Isso supõe retornar ao “não há” do aforismo “não há relação sexual”. Jacques-Alain Miller o comenta assim na Conversação de Arcachon: “O ‘Não há’, de Lacan, é a página em branco, não está inscrito. Devemos distinguir a negação de uma proposição escrita da não escrita dessa proposição”[12] . J.-A. Miller propôs uma escrita para isso, representando a ausência de relação sexual simplesmente com o símbolo do conjunto vazio, e escrevendo acima dele “o sigma do sintoma”. Nesse “não há”, trata-se de uma outra falta que não a da foraclusão. O “não há relação sexual” não é um furo: é um puro “não há”. É, portanto, como “inscritível, fundável, como relação”[13] que a relação sexual não existe. Por conseguinte, teremos que interrogar, aqui, o verdadeiro valor daquilo que se escreve.
Lacan o afirma claramente em “O aturdito”: “O não há relação sexual não implica que não haja relação com o sexo.”[14] Que não haja relação sexual que seja inscritível é precisamente o que condiciona que haja relações – que haja algo da ordem do sexo -, aquelas que as ligações inconscientes revelam; essas relações que passam pelo gozo, pelo corpo e pela língua, pelo saber-fazer do inconsciente com lalíngua, em outras palavras, pelo sintoma. Ligações sempre sintomáticas, portanto. A sexualidade pode estar indo de vento em popa, mas o sexo continua sendo um sintoma. Não ficaremos quites com ele. É aí que a psicanálise joga sua partida, precisamente num tempo em que o sintoma não tem direito a um lugar nos discursos e é desinvestido pelo próprio sujeito.
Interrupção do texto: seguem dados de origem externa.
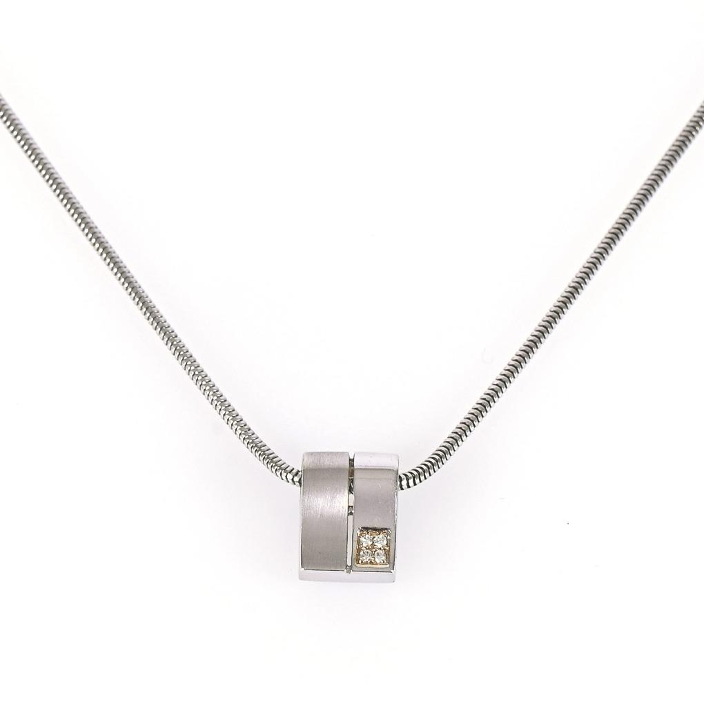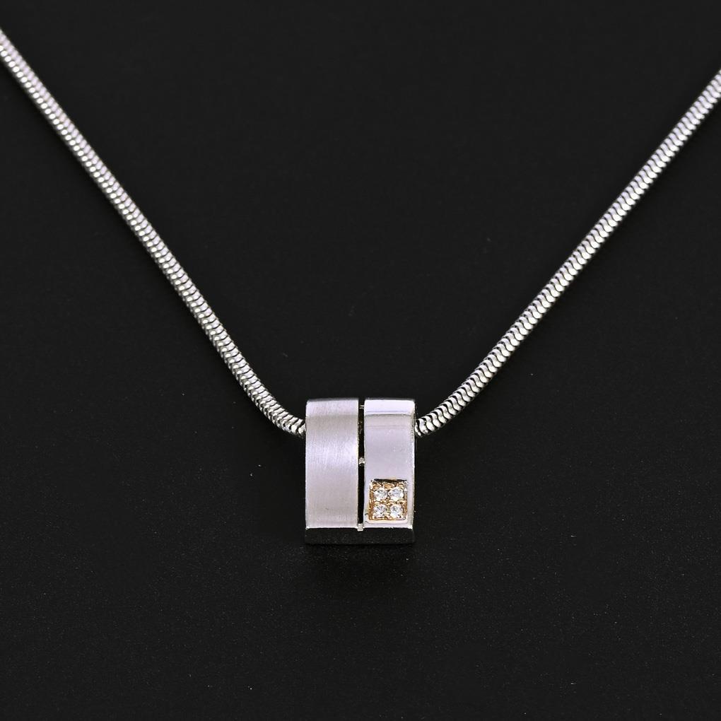 Anhänger mit 4 kleinen, eingelassenen Diamanten, an Schlangenkette mit Karabinerschließe.
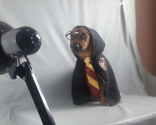 ▼為了讓狗狗更加容易被領養,動物收容所想出了這個拍照的方法。
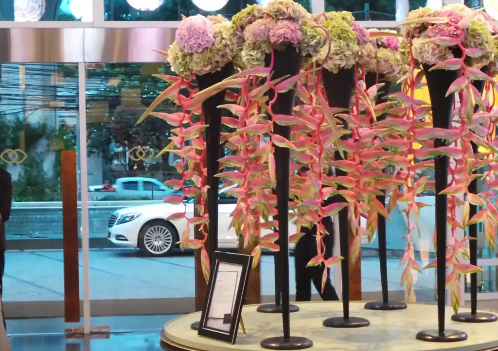 Decoration a five-start hotel lobby in Bangkok, with a fusion of the tropical Heliconia from Thailand and a selection of French countryside Hydrangea’s.
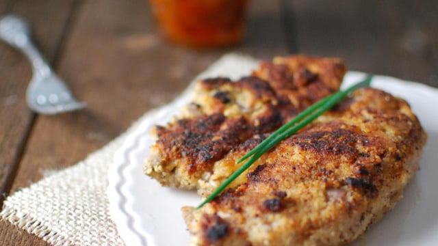 Servir les côtes d'agneau panées accompagnées du chutney.
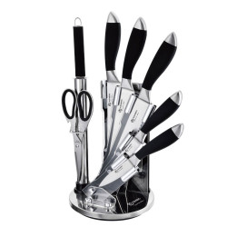 Комплект ножове с точило и ножица Edenberg EB-800, 8 части, Мека дръжка, Черен/инокс
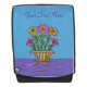 Esta mochila audaz para adultos Face con una cara frontal intercambiable tiene flores rosadas y naranjas bonitos sobre tallos largos con hojas en un lujoso jarrón azul y amarillo decorado sobre una mesa violeta con un fondo azul. Personalizar el texto con la plantilla.
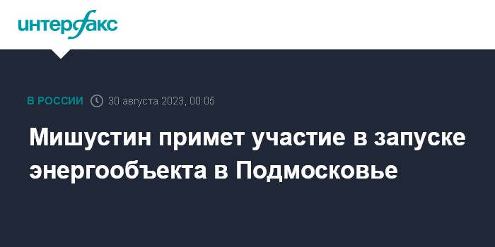 Москва. 30 августа. INTERFAX.RU - Премьер-министр РФ Михаил Мишустин в среду примет участие в запуске энергетического объекта в Московской области, сообщила пресс-служба правительства.
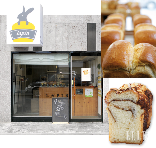 프랑스어로 ‘라팡(Lapin)’은 토끼를 의미한다. 앙증맞은 발음처럼 라팡의 식빵은 등 부분이 꼭 ‘궁디’ 팡팡 해 주고 싶은 토실토실한 토끼 엉덩이처럼 생겼다. 이곳에선 눈에 확 띄게 화려한 레서피로 빵을 굽진 않지만 손수 배양한 건포도 & 사과 액종의 천연 발효종을 반죽에 더해 다른 식빵에 비해 풍미와 소화력이 몇 배나 뛰어나다. 길을 걷다가 자연스럽게 눈에 띄어 들어오게 되는 아기자기한 카페 스타일의 인테리어는 전형적인 빵집 모습 같지 않아서 좋다. 남녀노소 할 것 없이 인기가 많은 건 밤 식빵, 아이들이 열광하는 건 초콜릿과 치즈로 속이 터질 것처럼 채워진 초코 크림 식빵.
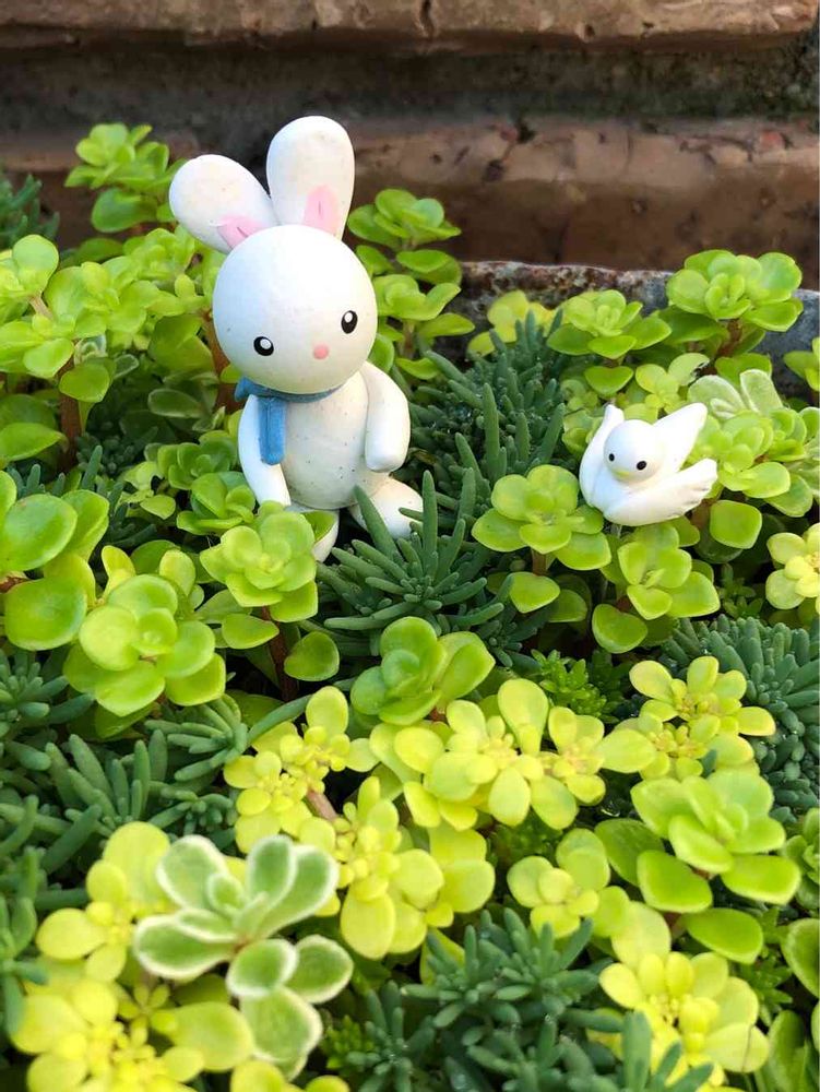 セダム畑で遊んでいるピョン太君と小鳥さん☘️
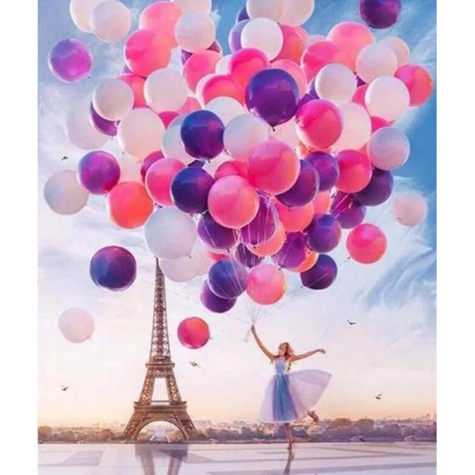 Caractéristiques détaillées : Peinture au numéro : Lâcher de Ballons à Paris – toile tendue sur châssis
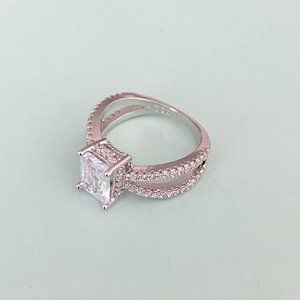 4 Prong accent ice solitaire ring .Featuring a large rectangular stone mounted on top with two rows of small crystals on each side. This makes the perfect engagement, wedding, promise, or cocktail ring.
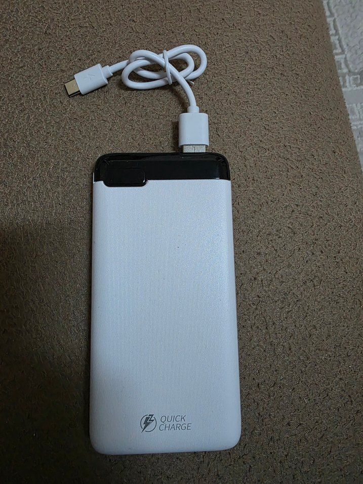 Hızlı şarj özelliğine sahip beyaz power bank. Kompakt tasarım ve USB kablo ile birlikte gelir. ⚡
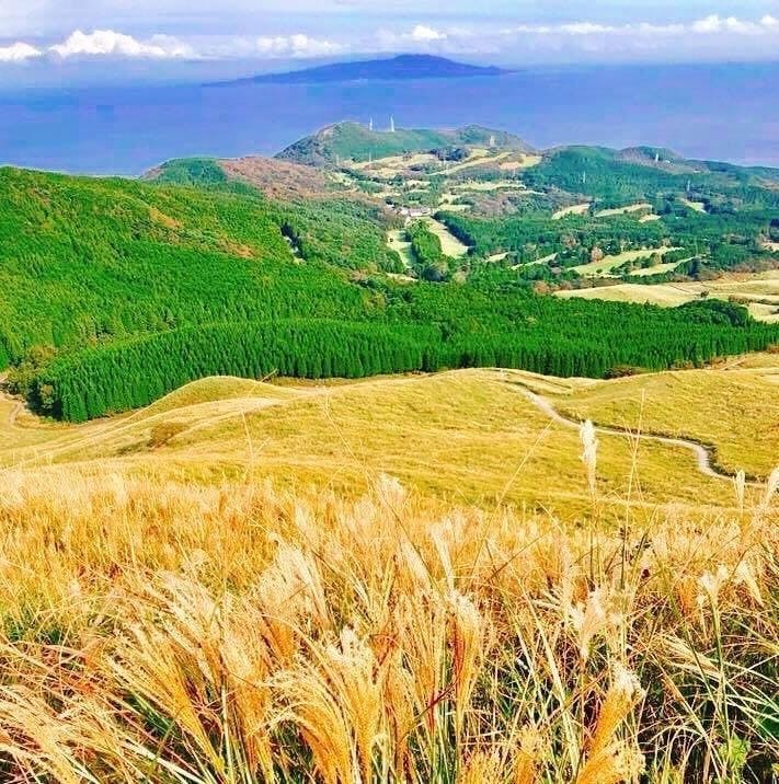 国道135号線から車で10分ほど山手に入ると目の前に広大な高原が現れます。新たな観光スポットとして人気を集める「稲取細野高原」です。面積は約125ha、東京ドーム26個分の広さを誇ります。春は山菜狩り、秋は黄金色に輝く一面のススキ野原、そして一番のおすすめは、隣接する三筋山の山頂から伊豆七島を望む大パノラマ眺望です。他では見ることができない絶景ポイントとなっています。
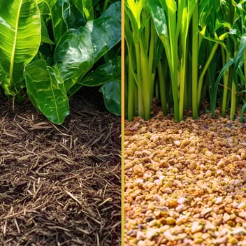 Inorganic options like gravel or landscape fabric are suitable for areas where long-term weed suppression is desired. However, in hot climates, caution is advised as materials like rocks can absorb and radiate heat, potentially increasing soil temperatures.

Assim, na via de um Lacan conectado às avessas da vida contemporânea, este congresso terá que interrogar as consequências deste « não há » sobre os mitos modernos da vida sexual e amorosa. No tempo dos Uns sozinhos, o desejo de formar um casal ainda é atual? Quando ninguém mais acredita no programa do “cada um com sua cada uma”, o amor continua sendo uma suplência privilegiada à não relação? Quais são as outras formas de suplência reveladas pela clínica e pela prática?
Opacidade do sexual
“A sexomania invasiva é apenas um fenômeno publicitário”[15], dizia Lacan em sua entrevista à revista Panorama. É claro que ela não vai acabar com o mistério da sexualidade. De fato, por mais que ela se digitalize, como disse Éric Laurent, “[o] programa de gozo não é virtual”[16].
No Seminário: o sinthoma, é justamente o termo “opacidade sexual”[17] que chama a atenção. Todo pensamento, todo conhecimento, nos diz Lacan, deve ser reconsiderado a partir do ato sexual, a própria linguagem está relacionada ao sexo. Em uma conversação inédita da UFORCA sobre O sinthoma[18], J.-A. Miller elucidou a opacidade em questão. Aqui, ela não designa a impossibilidade do dizer sobre o desejo sexual. Ela se apresenta, antes, como uma mancha no campo visual, o sexual opacifica o campo visual, a face visível do “não há”. A referência aqui, especifica ele, não é ao enigma (registro significante), mas ao imaginário do corpo como consistência do falasser. Então, a questão a ser resolvida seria: Como é pensável que o outro falasser adore seu corpo, e não o meu?[19].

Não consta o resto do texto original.